The goal of medically monitored detox is to mitigate or eliminate the symptoms of withdrawal under the supervision of qualified clinicians – most often physicians and nurses – in order to prepare an individual for treatment.
Medically monitored detox occurs in three stages:
Treatment professionals assess the severity of SUD, screen for co-occurring mental and physical conditions, and assess psychological and social factors that affect the course of treatment after the detox process.
The stabilization stage involves ushering the individual from a state of intoxication, through a state of withdrawal, to a safe, stable, substance free state. The entire process takes place under close medical supervision with 24/7 monitoring and support.
3. Preparing for Treatment
Once a person in detox is in a mental state that permits typical interaction and communication with medical personnel, they receive advice about their next step. In most cases, the medical staff will recommend immersive treatment for SUD. This may be residential treatment, partial hospitalization treatment (PHP), intensive outpatient treatment (IOP), and in some cases, outpatient treatment.

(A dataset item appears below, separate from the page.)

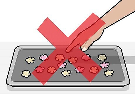 Don't touch the flowers with your fingers during the drying process. When waiting for the gumpaste flowers to dry, it might be tempting to touch them to check how dry they are but this can ruin their shape and colour and destroy all your hard work. Your fingers may be hot or damp or even dirty. Try to resist temptation and just give the flowers time to dry on their own. If you need to move the flowers once they've been made, wear plastic gloves or pick the flowers up using a paper towel or tissue.
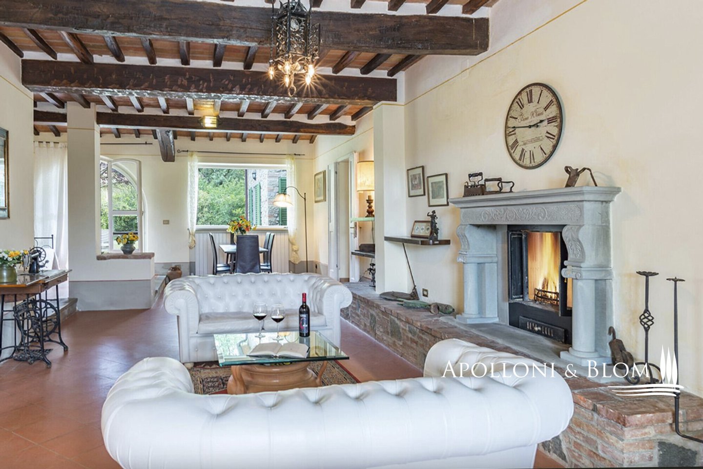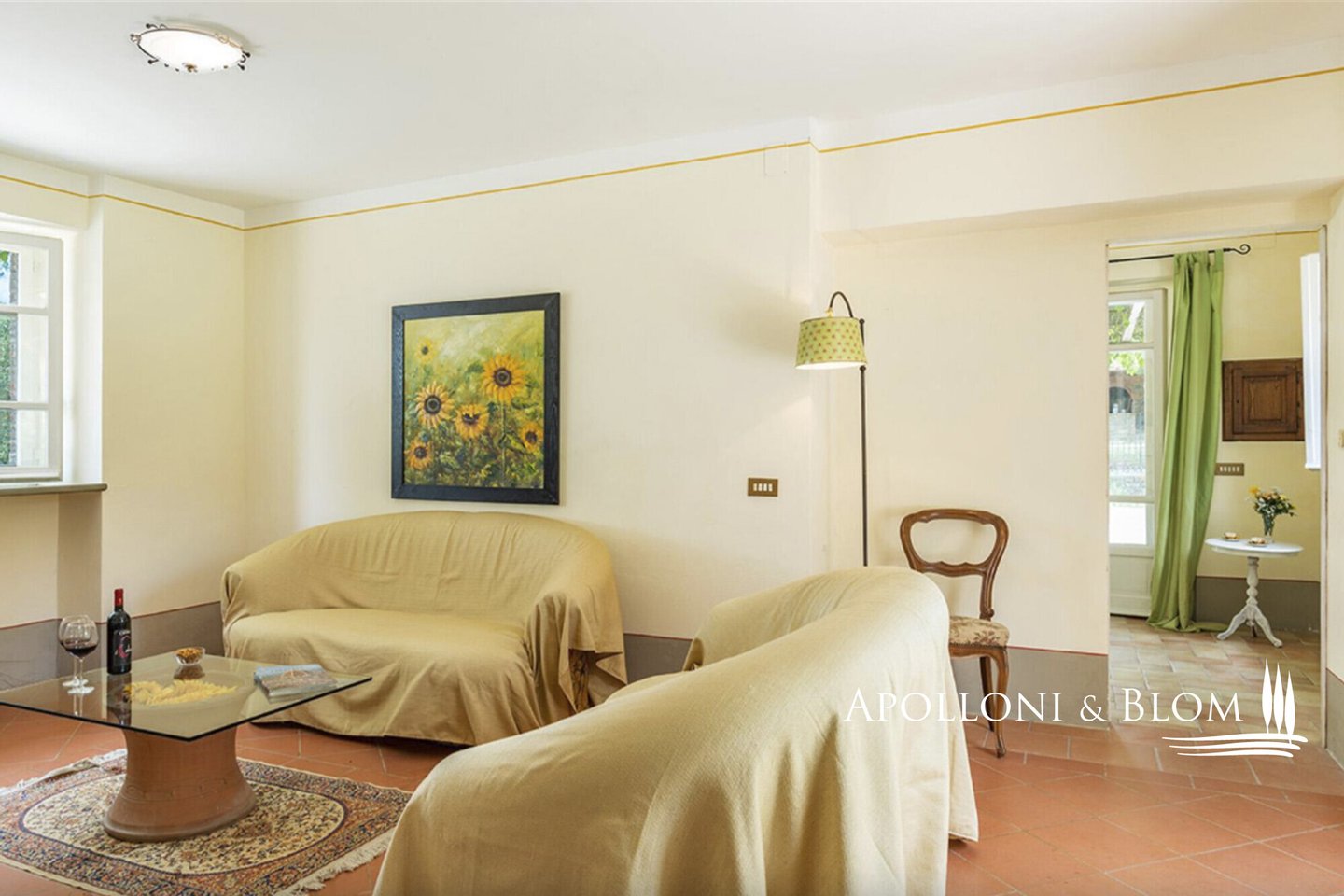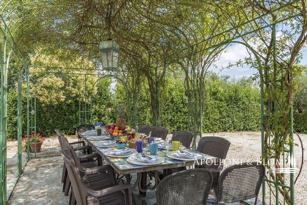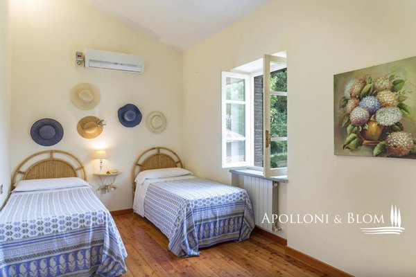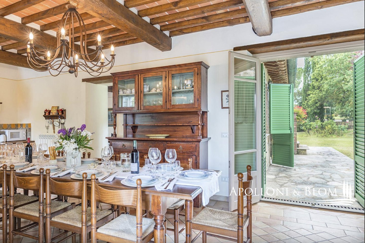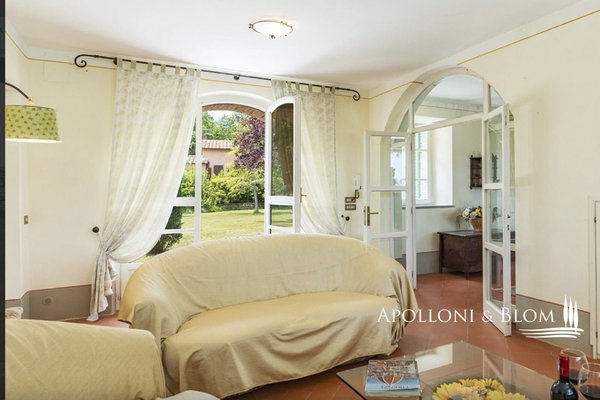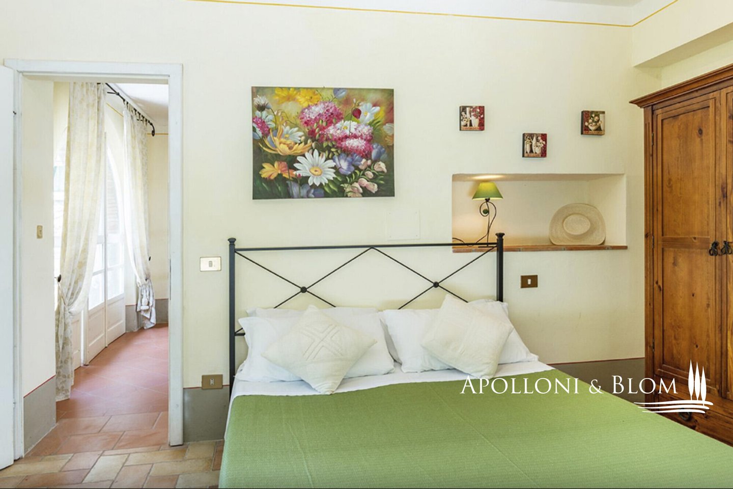 Perfekt restauriertes Bauernhaus aus Stein mit authentischem Charme, Klimaanlage, Schwimmbad, Olivenhain und geschützter Lage, zu verkaufen in Cortona. Strategisch gelegen, nur wenige Minuten von allen Dienstleistungen und dem historischen Zentrum von Cortona, ein Bauernhaus aus Stein aus dem frühen 19. Jahrhundert in einer reservierten Umgebung, umgeben von der Landschaft des Valdichiana. Jahrhundert, das im Jahr 2010 in eine elegante Landvilla umgewandelt wurde, verfügt über eine Fläche von 385 Quadratmetern, die sich auf zwei Hauptetagen und einen traditionellen Keller im Untergeschoss verteilen, und liegt auf einem privaten Grundstück von 9.600 Quadratmetern. Bei der Renovierung wurde die Authentizität des ursprünglichen Gebäudes mit seinen Steinfassaden, Terrakottaböden und freiliegenden Balken hervorgehoben, wobei die historischen Elemente bewahrt und moderne Annehmlichkeiten mit viel Feingefühl eingebaut wurden. Steinkamine und hohe Decken verleihen den Räumen Wärme und zeitlose ländliche Eleganz, während Fensterrahmen und Türen, die komplett durch Doppelverglasung ersetzt wurden, mit den traditionellen salbeigrünen Holzfensterläden der toskanischen Häuser harmonieren. Im Erdgeschoss befindet sich eine Eingangshalle, die zu einem Doppelwohnzimmer mit Steinkamin und einem Essbereich führt. Angrenzend befindet sich eine geräumige Küche im rustikalen Stil mit Kamin, die direkt mit dem Außenbereich mit Innenhof, Pavillon und Grill verbunden ist. Ein Service-Bad, Abstellräume und drei Doppelschlafzimmer, alle mit eigenem Bad, vervollständigen diese Ebene. Eine klassische Steintreppe führt in den ersten Stock, wo sich ein Hauptschlafzimmer mit eigenem Bad und Zugang zu einer privaten Terrasse mit Blick auf die Landschaft, zwei weitere Doppelschlafzimmer, eines mit Terrasse, ein Bad und ein Abstellraum befinden. Alle Räume sind klimatisiert. Im gepflegten Garten wechseln sich Rasenflächen, Blumenbeete, Pinien und hohe Bäume ab, die zu jeder Jahreszeit eine stimmungsvolle Kulisse bilden. In der Mitte befindet sich der Swimmingpool, der von einem eleganten Steinpflaster umrahmt ist, während sich jenseits des Gartens ein Olivenhain mit 100 Bäumen erstreckt, der der Anlage einen authentischen landwirtschaftlichen Charakter verleiht. Ein privater Brunnen speist die automatische Bewässerungsanlage. Heute wird das Anwesen von internationalen Reisenden gewählt, die einen raffinierten Rückzugsort für ihren Urlaub in der toskanischen Landschaft suchen, aber es eignet sich auch perfekt als eleganter privater Wohnsitz, der mit Familie und Freunden bewohnt werden kann.

Patients in fentanyl detox often receive a diagnosis for opioid use disorder (OUD), and after detox, receive a referral for medication-assisted treatment (MAT), which evidence shows is the most effective treatment available for OUD.
The Benefits of Medically Monitored Fentanyl Detox
The first and possibly most important benefit of medically monitored fentanyl detox is safety. Although detox from opioids is not as dangerous as detox from chronic alcohol use, it can be. In some cases, medical comorbidities may increase risk of complications. The best way to avoid potentially fatal, detox-related complications is with medical supervision, and the presence of a medical team ready to act immediately in case of emergency.
Therefore, the first benefit of medically monitored fentanyl detox is staying alive.
The second benefit of medically monitored fentanyl detox is that it prepares an individual with OUD for treatment, which can lead to long-term, sustainable recovery. Most clinicians in medically monitored detox programs begin talking about treatment as soon as possible. This is an important window in the life of a person with OUD: for the first time – possibly in years – they may be in a physical, emotional, and psychological state where they’re willing and able to engage in treatment.
And if they’re in a medically monitored detox program, it’s likely they’re also already at a physical location that offers residential treatment. This is what we call a warm handoff: when a person can transition from one phase of a therapeutic process to another – in this case, from detox to treatment – in the presence of clinicians from both phases of the process.
In other words, the person in fentanyl detox can meet with the clinician supervising their detox in the same room with the clinician who will supervise their treatment for OUD. And if they’re ready and willing, they can start treatment right away. Evidence shows this personal approach and immediate transition from detox to treatment can improve treatment engagement and initiation, which is an important step on the road to sustainable, lifelong recovery.